## Given data
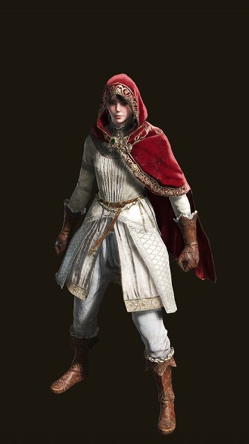 NPC「ローデリカ」がこれを着用しているが、調霊師になった後は赤フードを捨ててしまう。
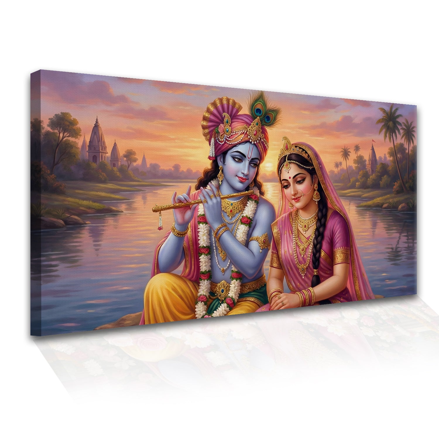 Radha Krishna Divine Harmony Wall Art | HD Canvas Print Gallery Wrap Painting | Ready to Hang | Perfect for Pooja Room & Office Décor | Size: 24x48 Inch (RKWA27)
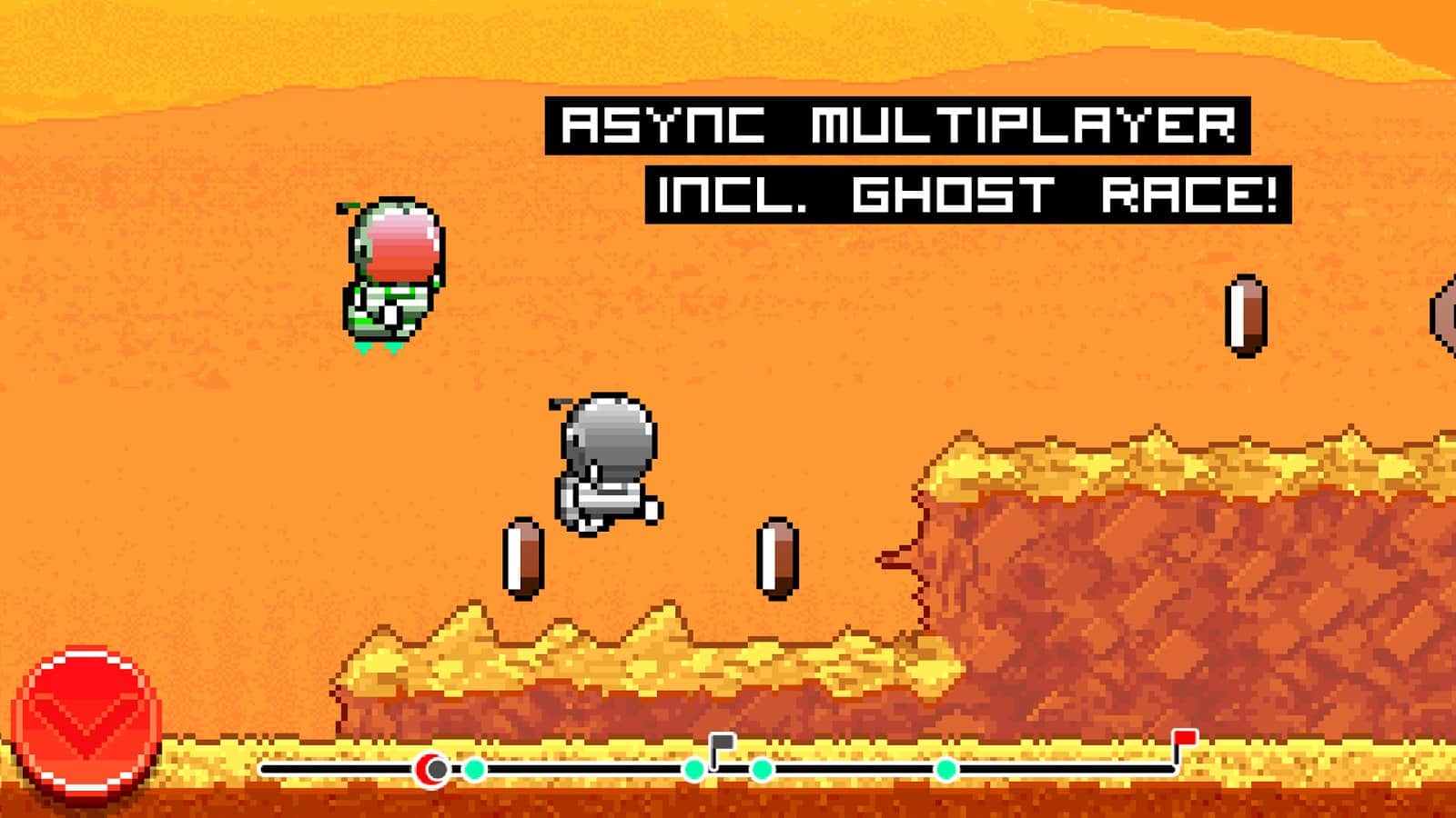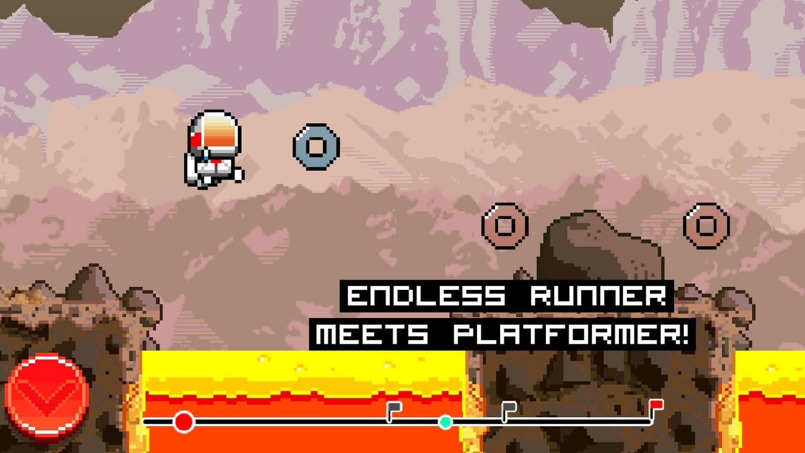 Stranded: A Mars Adventure - двухмерный горизонтальный ранер с элементами платформера, выполненный в пиксельном стиле. Сюжет игры разворачивается вокруг незадачливого астронавта, чей корабль потерпел крушение и на спасательной капсуле наш герой совершил посадку на красной планете. Геймплей большинства подобных игр достаточно примитивен, все что от вас требуется бежать и прыгать. Stranded: A Mars Adventure тоже не лишен данной составляющей, однако игровой процесс выполнен с соблюдением определенного баланса. С каждым новым шагом ваш персонаж набирает скорость, что в свою очередь заметно усложняет геймплей. При столкновении с препятствием скорость падает, что дает вам время для передышки, однако не стоит забывать что действия развиваются на Марсе и для выживания вам необходим запас кислорода, который можно найти только по пути к финишу.
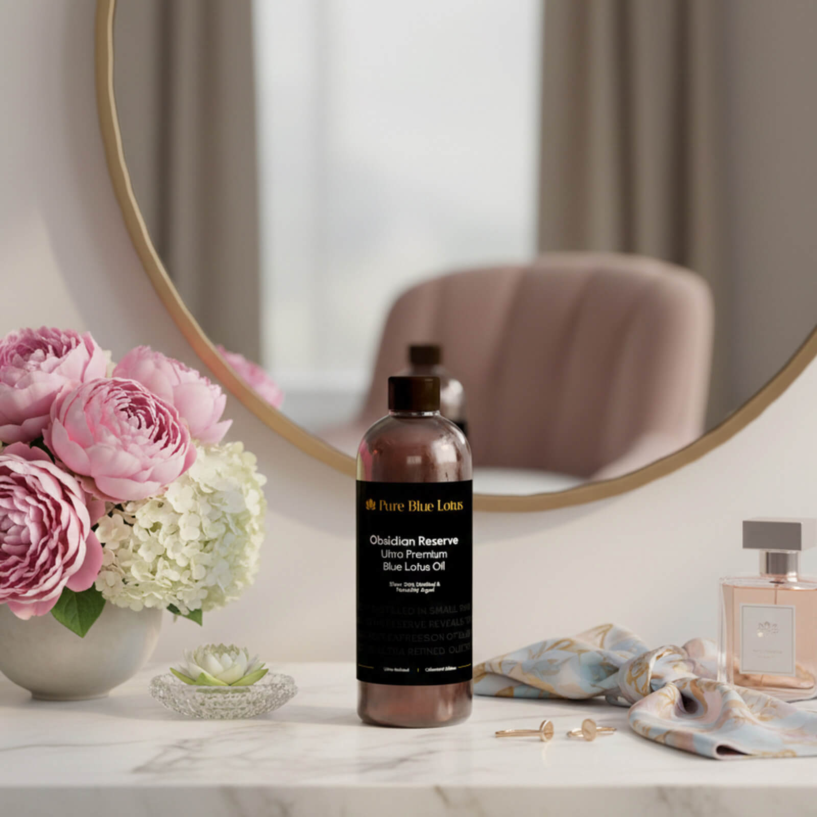 No fillers, no synthetic fragrance, no embellishment. Only slow distilled, ultra refined Blue Lotus Essential Oil, prepared as an obsidian toned ritual for the few who prefer their luxuries to whisper rather than shout.

## To do
In the answer, set down only the lines from the opening line of the listing through the line that holds "Stranded: A Mars Adventure - двухмерный", exactly as they appear, minus the pictures.

## Answer space
 NPC「ローデリカ」がこれを着用しているが、調霊師になった後は赤フードを捨ててしまう。
 Radha Krishna Divine Harmony Wall Art | HD Canvas Print Gallery Wrap Painting | Ready to Hang | Perfect for Pooja Room & Office Décor | Size: 24x48 Inch (RKWA27)
 Stranded: A Mars Adventure - двухмерный горизонтальный ранер с элементами платформера, выполненный в пиксельном стиле. Сюжет игры разворачивается вокруг незадачливого астронавта, чей корабль потерпел крушение и на спасательной капсуле наш герой совершил посадку на красной планете. Геймплей большинства подобных игр достаточно примитивен, все что от вас требуется бежать и прыгать. Stranded: A Mars Adventure тоже не лишен данной составляющей, однако игровой процесс выполнен с соблюдением определенного баланса. С каждым новым шагом ваш персонаж набирает скорость, что в свою очередь заметно усложняет геймплей. При столкновении с препятствием скорость падает, что дает вам время для передышки, однако не стоит забывать что действия развиваются на Марсе и для выживания вам необходим запас кислорода, который можно найти только по пути к финишу.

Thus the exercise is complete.